Assigned task » When you reach the line with "Tender slices of" in the records below, begin transcribing exactly and continue up to and including the line with "Wrist Leash Wear", leaving out every picture.

The records »
↓↓↓
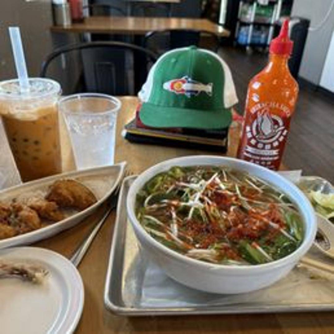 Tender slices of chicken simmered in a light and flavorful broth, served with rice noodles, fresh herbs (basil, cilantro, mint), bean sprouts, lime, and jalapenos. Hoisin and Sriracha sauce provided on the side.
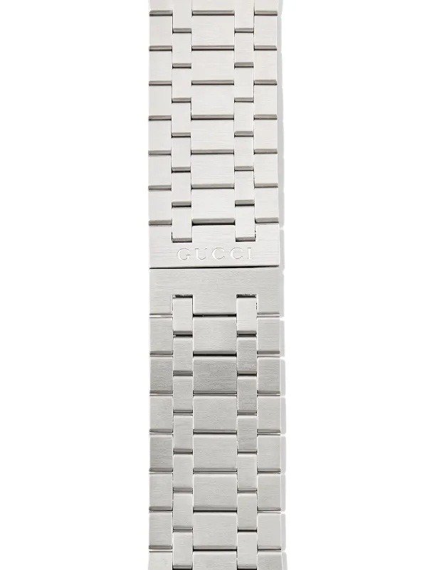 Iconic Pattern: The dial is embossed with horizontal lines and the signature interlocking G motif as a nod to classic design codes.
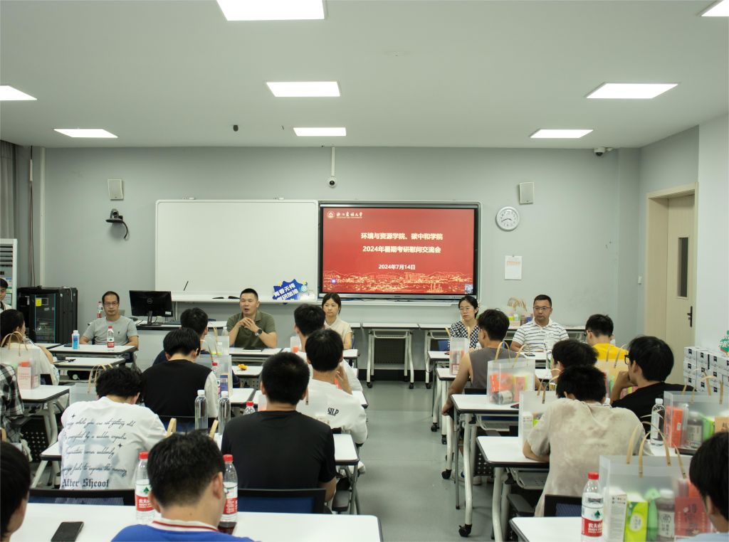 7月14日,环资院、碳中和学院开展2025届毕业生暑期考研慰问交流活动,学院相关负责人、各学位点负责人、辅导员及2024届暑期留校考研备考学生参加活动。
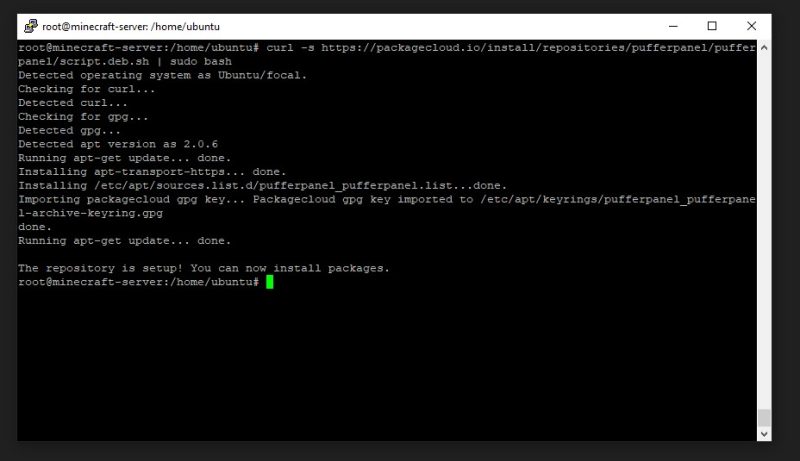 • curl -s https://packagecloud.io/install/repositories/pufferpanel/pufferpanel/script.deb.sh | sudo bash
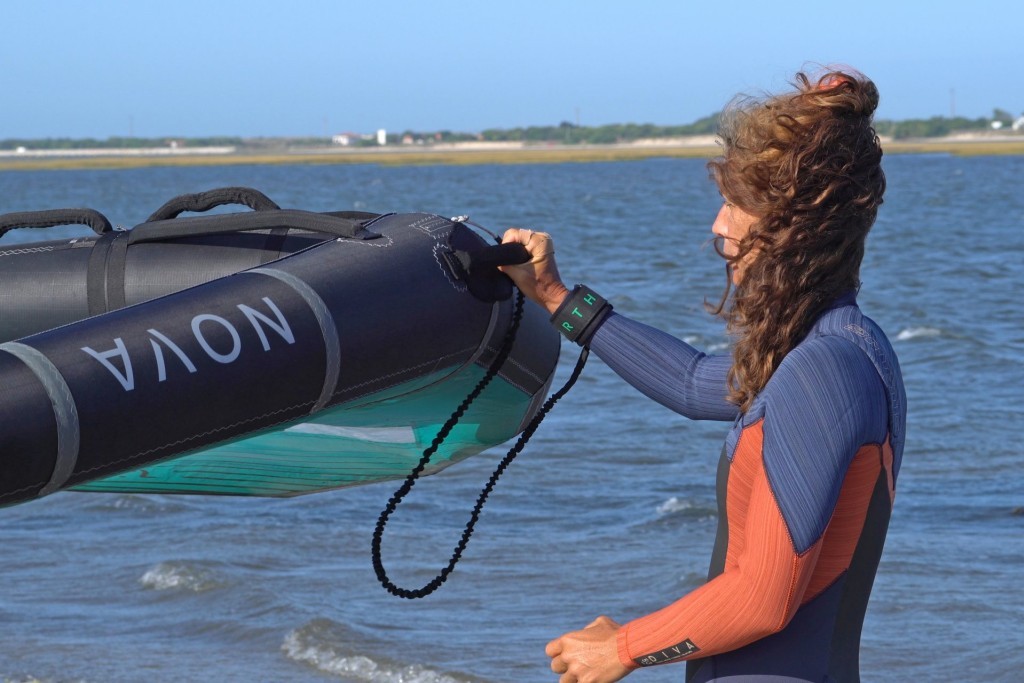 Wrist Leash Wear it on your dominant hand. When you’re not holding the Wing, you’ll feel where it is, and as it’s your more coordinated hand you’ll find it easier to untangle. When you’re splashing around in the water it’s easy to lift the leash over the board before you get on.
↑↑↑
↓↓↓
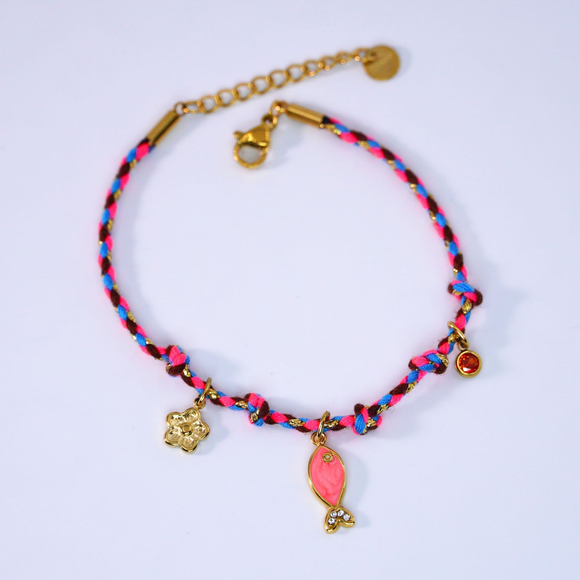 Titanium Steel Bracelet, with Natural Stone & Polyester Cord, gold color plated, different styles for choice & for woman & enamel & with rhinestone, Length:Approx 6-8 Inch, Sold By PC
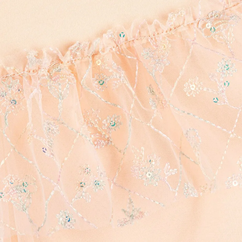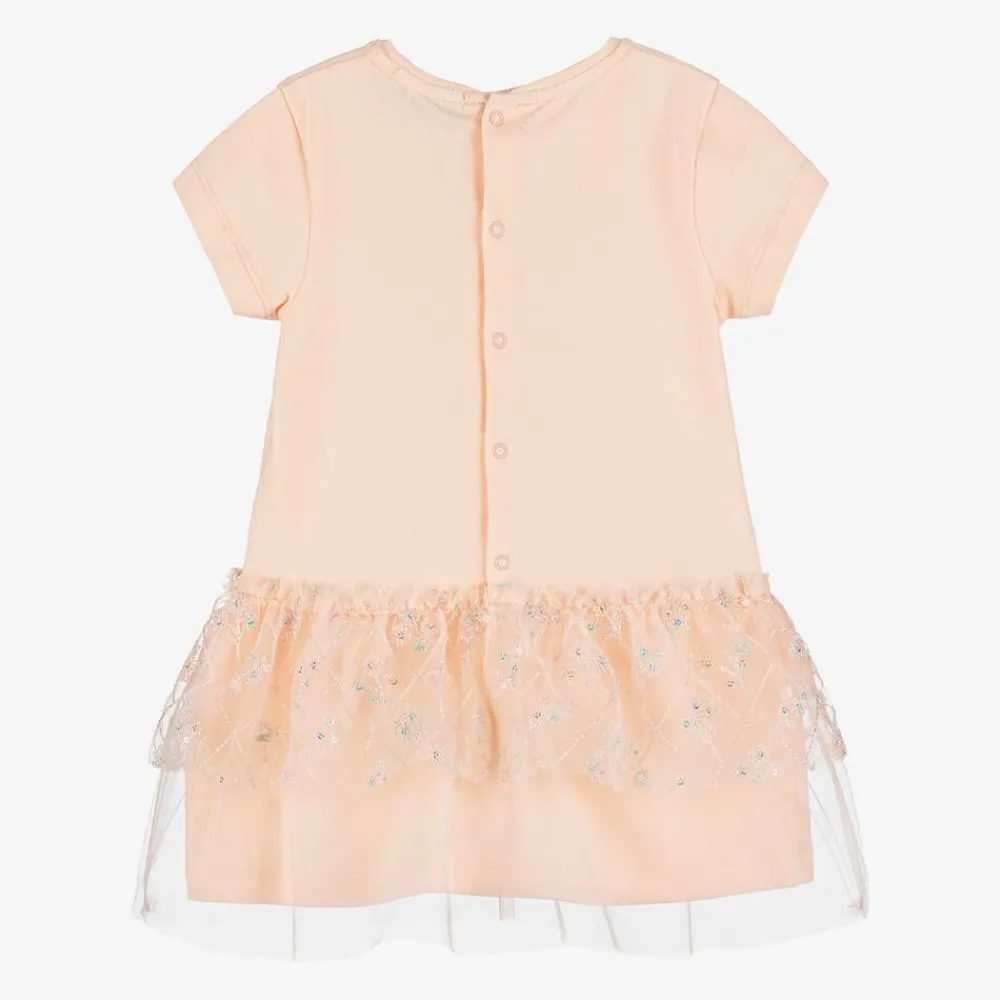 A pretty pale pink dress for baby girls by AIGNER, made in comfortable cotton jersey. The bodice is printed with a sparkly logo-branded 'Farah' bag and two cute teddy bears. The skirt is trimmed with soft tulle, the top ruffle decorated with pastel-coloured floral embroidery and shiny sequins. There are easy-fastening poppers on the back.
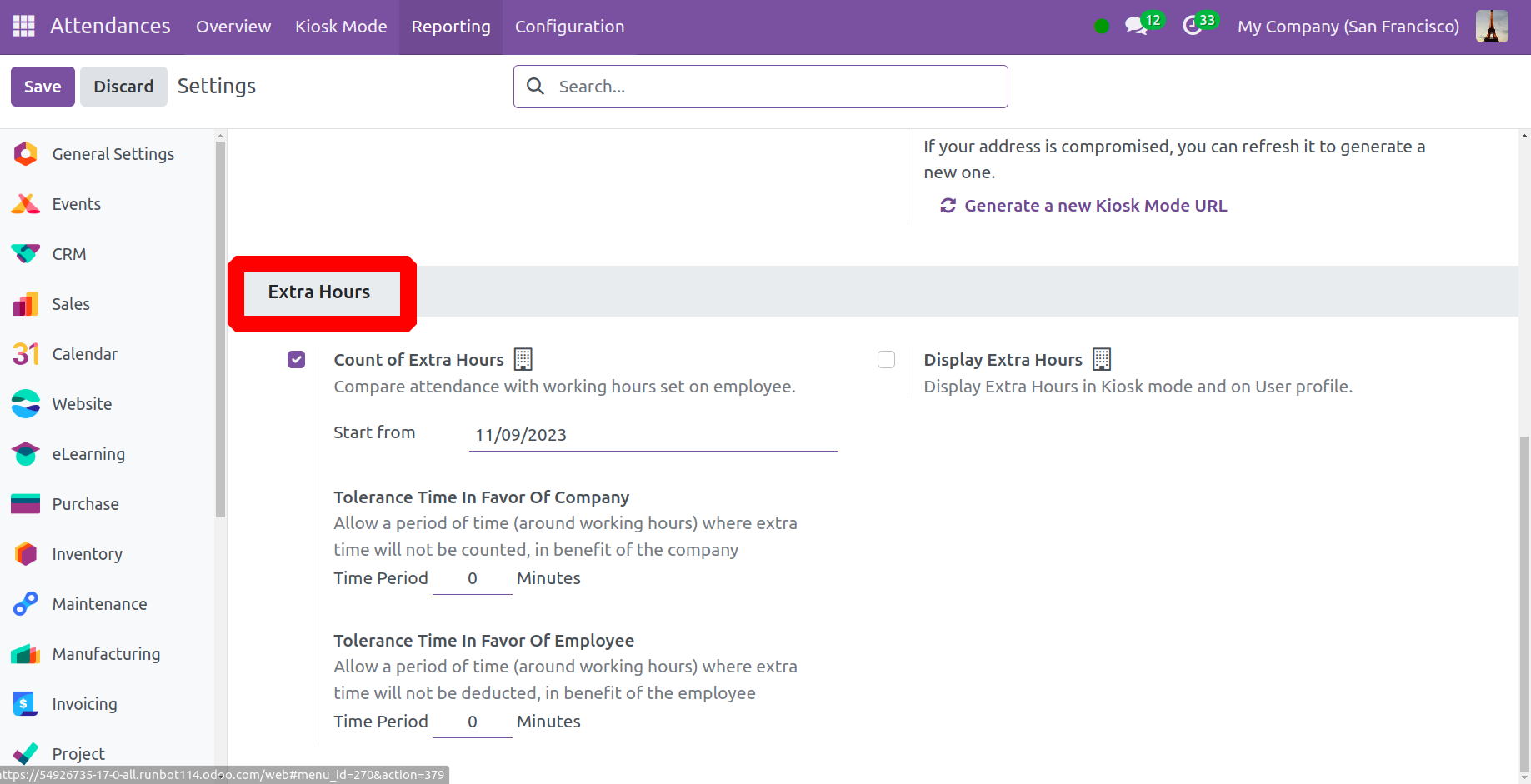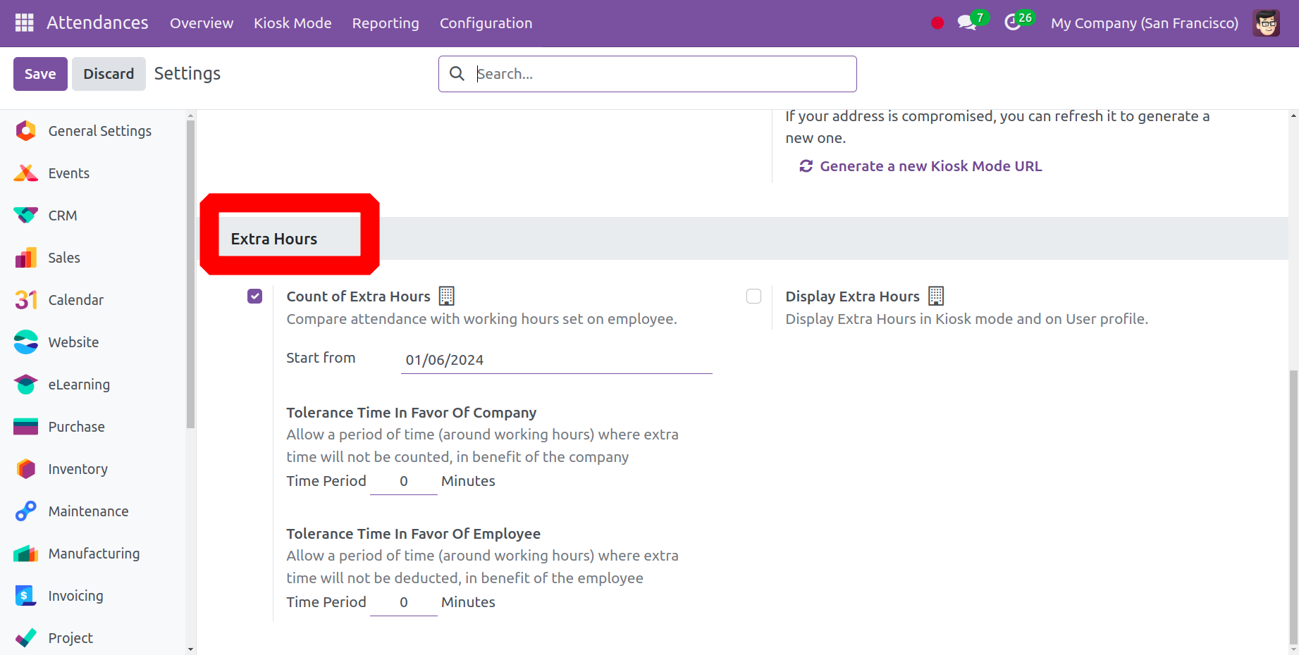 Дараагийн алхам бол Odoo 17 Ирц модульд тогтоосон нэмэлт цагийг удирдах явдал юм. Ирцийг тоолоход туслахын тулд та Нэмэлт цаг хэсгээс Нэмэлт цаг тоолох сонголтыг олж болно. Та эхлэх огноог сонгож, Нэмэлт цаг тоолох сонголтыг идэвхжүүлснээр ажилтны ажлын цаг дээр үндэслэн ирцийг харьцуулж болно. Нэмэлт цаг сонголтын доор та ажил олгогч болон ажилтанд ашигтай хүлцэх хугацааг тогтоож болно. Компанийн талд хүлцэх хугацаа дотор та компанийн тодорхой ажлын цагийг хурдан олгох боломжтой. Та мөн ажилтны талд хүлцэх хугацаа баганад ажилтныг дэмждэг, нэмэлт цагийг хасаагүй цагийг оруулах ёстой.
↑↑↑
Solution to this task »
 Tender slices of chicken simmered in a light and flavorful broth, served with rice noodles, fresh herbs (basil, cilantro, mint), bean sprouts, lime, and jalapenos. Hoisin and Sriracha sauce provided on the side.
 Iconic Pattern: The dial is embossed with horizontal lines and the signature interlocking G motif as a nod to classic design codes.
 7月14日,环资院、碳中和学院开展2025届毕业生暑期考研慰问交流活动,学院相关负责人、各学位点负责人、辅导员及2024届暑期留校考研备考学生参加活动。
 • curl -s https://packagecloud.io/install/repositories/pufferpanel/pufferpanel/script.deb.sh | sudo bash
 Wrist Leash Wear it on your dominant hand. When you’re not holding the Wing, you’ll feel where it is, and as it’s your more coordinated hand you’ll find it easier to untangle. When you’re splashing around in the water it’s easy to lift the leash over the board before you get on.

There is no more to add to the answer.